# Exercise aim
Copy all entries exactly, and wherever an entry holds a picture, leave that picture out.

--- Supplied data Enclosed Below ---

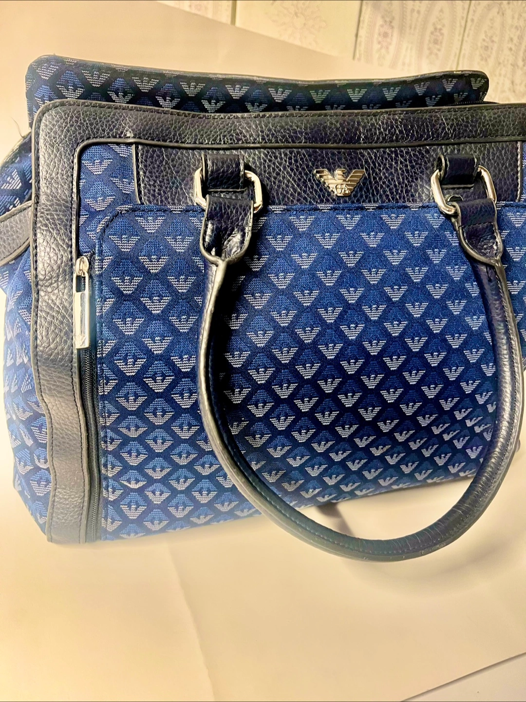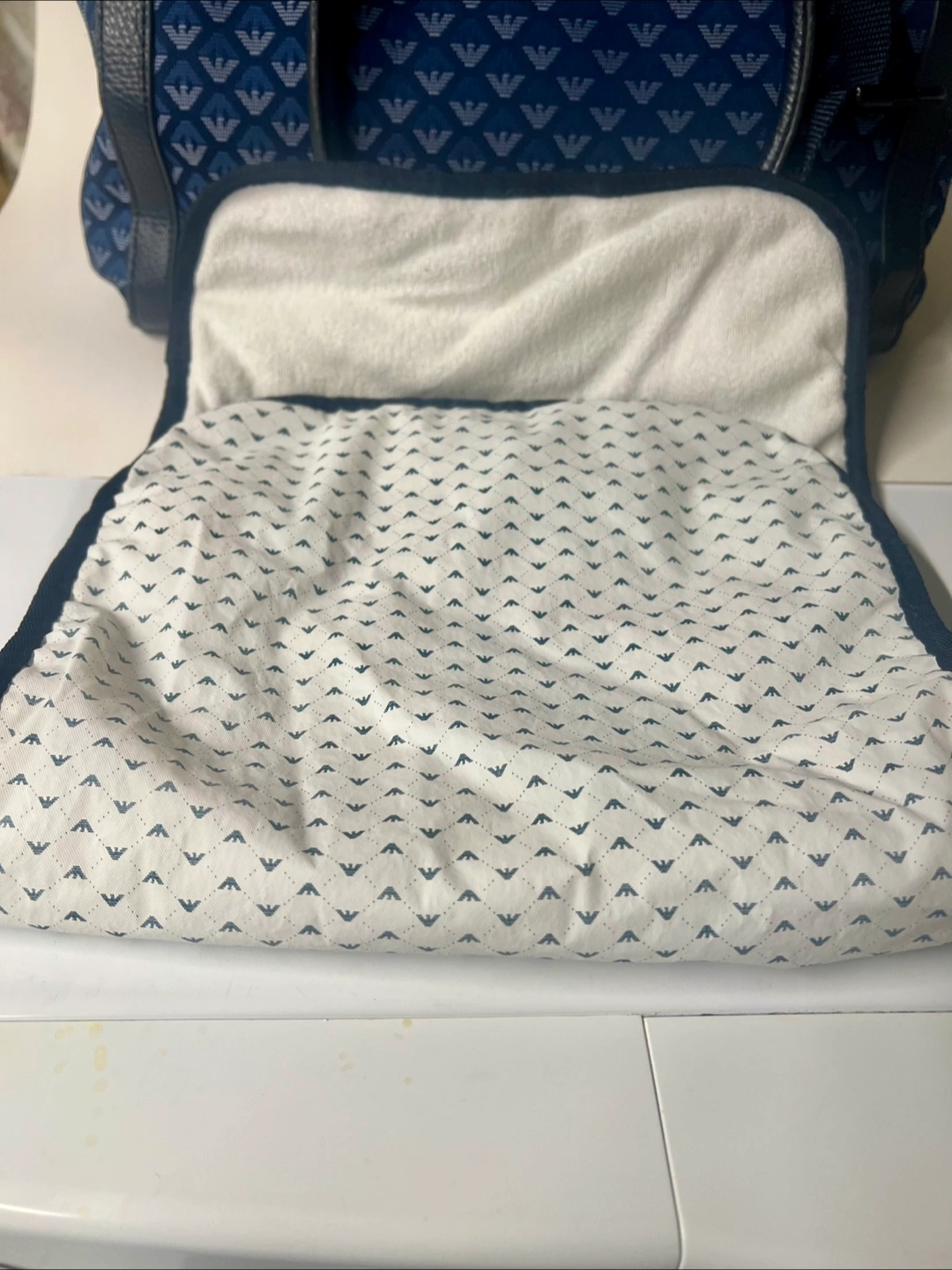 Here's an Emporio Armani diaper bag in a stylish blue pattern! It features black leather trim and handles. Inside, there's a changing pad with a cute white and blue dotted pattern. Perfect for keeping all your baby essentials organized while on the go
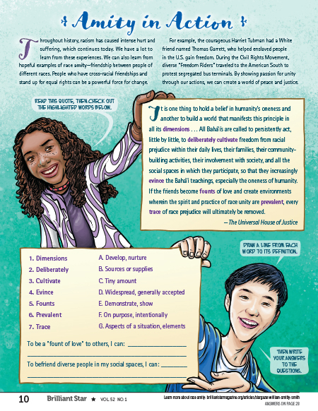 Ask students: What can you do to be a “fount of love” to others? - How can we create spaces where everyone can feel the spirit and practice of race unity?
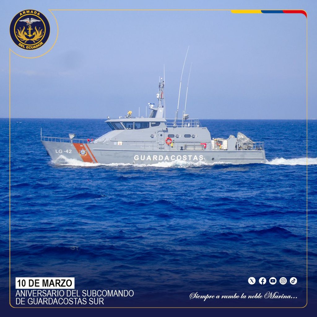 La Armada del Ecuador saluda en su aniversario al Subcomando de Guardacostas Sur, brazo ejecutor del Comando de Guardacostas (COGUAR); actualmente se encuentra ejecutando las operaciones y el control de los espacios #Marítimos jurisdiccionales en la #FronteraSur del país. Felicidades al Subcomando de Guardacostas Sur en su día clásico.
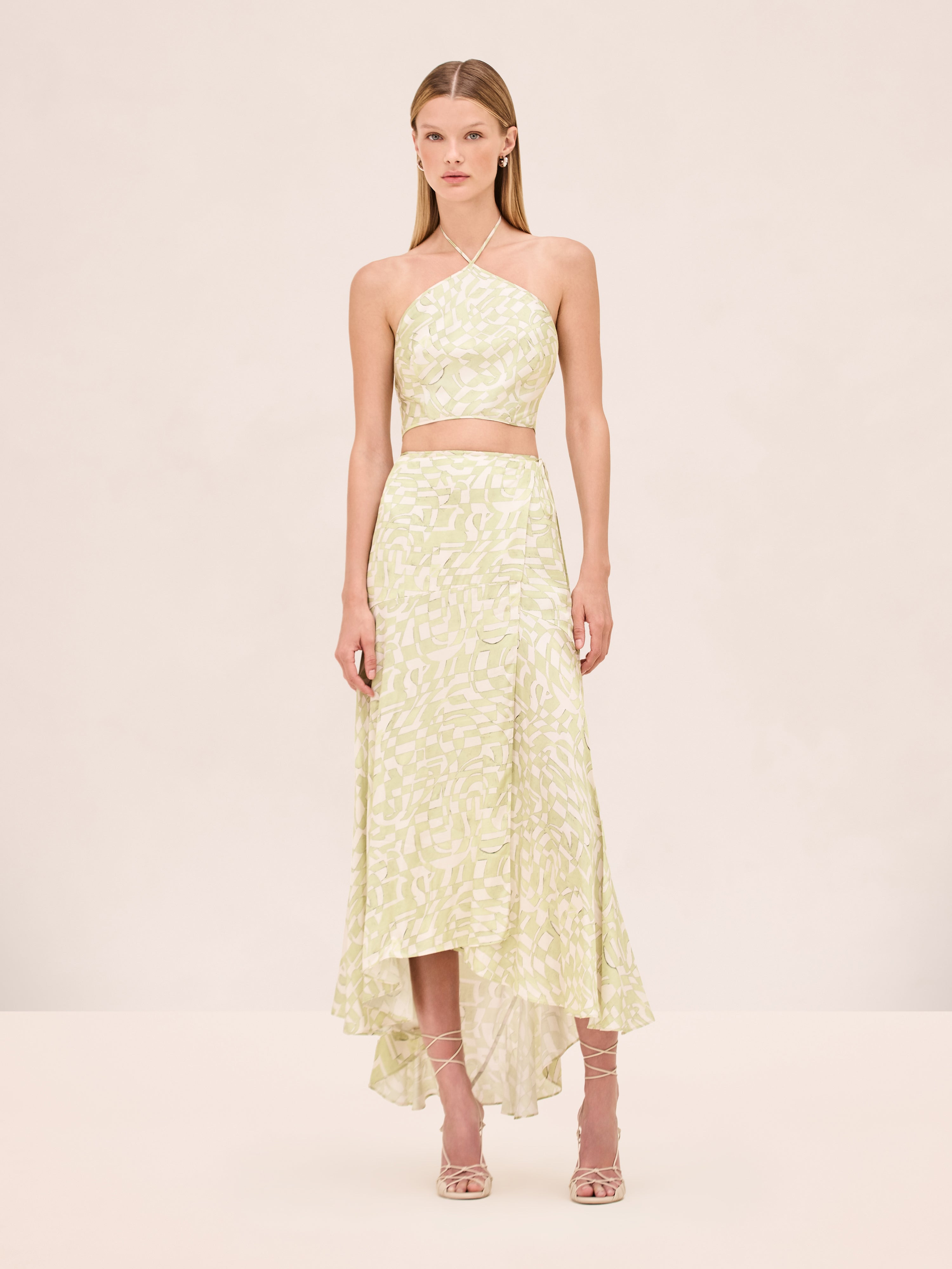 The Alzena Skirt is a high-low wrap silhouette featuring an abstract print, paired with the Nali Top. Model Measurements Height: 5'10" Bust: 34B Waist: 25" Hips: 35” Model wears an XS
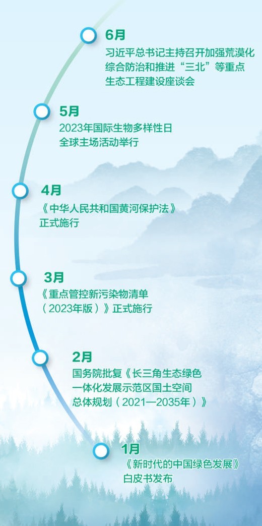 總結(jié)新時代10年的實踐經(jīng)驗,我們對生態(tài)文明建設的規(guī)律性認識不斷深化。2023年是我國生態(tài)文明建設道路上具有里程碑意義的一年。這一年,我國天更藍、地更綠、水更清,美麗中國建設交出滿意答卷,人民群眾獲得感、幸福感、安全感顯著增強。這一年,全國生態(tài)環(huán)境保護大會召開,我國迎來首個全國生態(tài)日,黃河保護法正式施行,“三北”工程三大標志性戰(zhàn)役開局順利,綠色低碳發(fā)展腳步不斷加快。
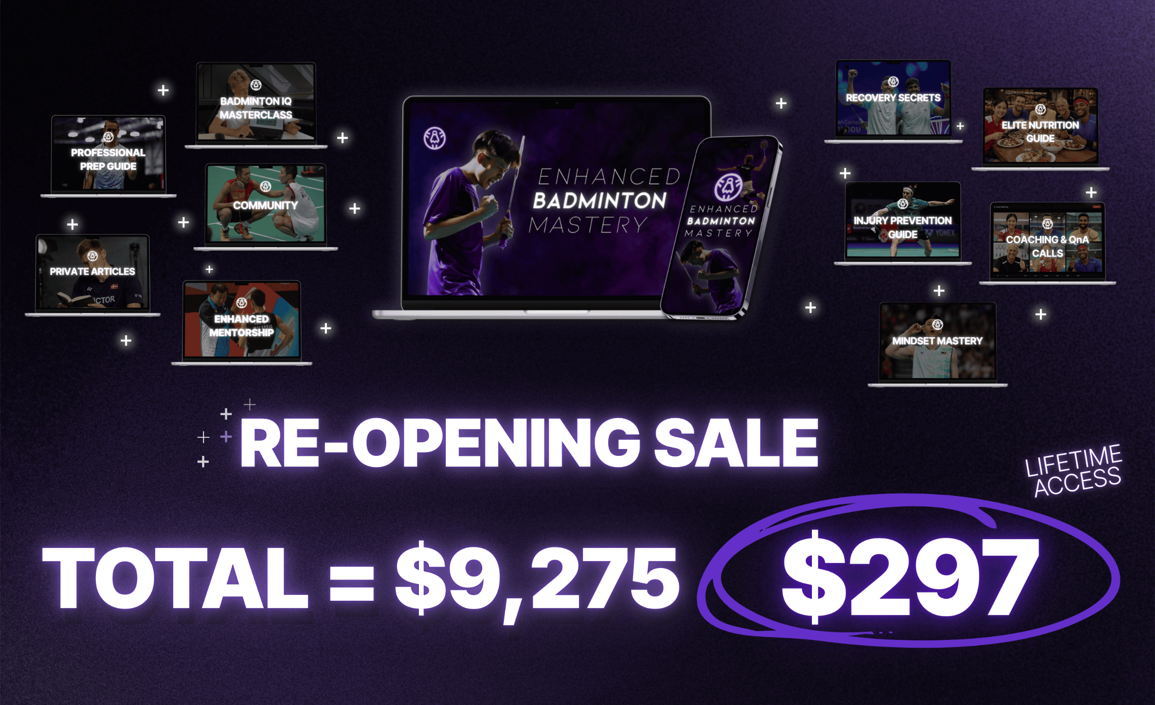 Enhanced Badminton Mastery is for anyone who wants to reach the next level with their badminton ability. Elite level coaching, mentorship, opportunities and more for your entire career. Today for just $297! (Normally $997). Offer expires as we get 100 more players inside.

--- End of Enclosed Supplied data ---

# The answer
 Here's an Emporio Armani diaper bag in a stylish blue pattern! It features black leather trim and handles. Inside, there's a changing pad with a cute white and blue dotted pattern. Perfect for keeping all your baby essentials organized while on the go
 Ask students: What can you do to be a “fount of love” to others? - How can we create spaces where everyone can feel the spirit and practice of race unity?
 La Armada del Ecuador saluda en su aniversario al Subcomando de Guardacostas Sur, brazo ejecutor del Comando de Guardacostas (COGUAR); actualmente se encuentra ejecutando las operaciones y el control de los espacios #Marítimos jurisdiccionales en la #FronteraSur del país. Felicidades al Subcomando de Guardacostas Sur en su día clásico.
 The Alzena Skirt is a high-low wrap silhouette featuring an abstract print, paired with the Nali Top. Model Measurements Height: 5'10" Bust: 34B Waist: 25" Hips: 35” Model wears an XS
 總結(jié)新時代10年的實踐經(jīng)驗,我們對生態(tài)文明建設的規(guī)律性認識不斷深化。2023年是我國生態(tài)文明建設道路上具有里程碑意義的一年。這一年,我國天更藍、地更綠、水更清,美麗中國建設交出滿意答卷,人民群眾獲得感、幸福感、安全感顯著增強。這一年,全國生態(tài)環(huán)境保護大會召開,我國迎來首個全國生態(tài)日,黃河保護法正式施行,“三北”工程三大標志性戰(zhàn)役開局順利,綠色低碳發(fā)展腳步不斷加快。
 Enhanced Badminton Mastery is for anyone who wants to reach the next level with their badminton ability. Elite level coaching, mentorship, opportunities and more for your entire career. Today for just $297! (Normally $997). Offer expires as we get 100 more players inside.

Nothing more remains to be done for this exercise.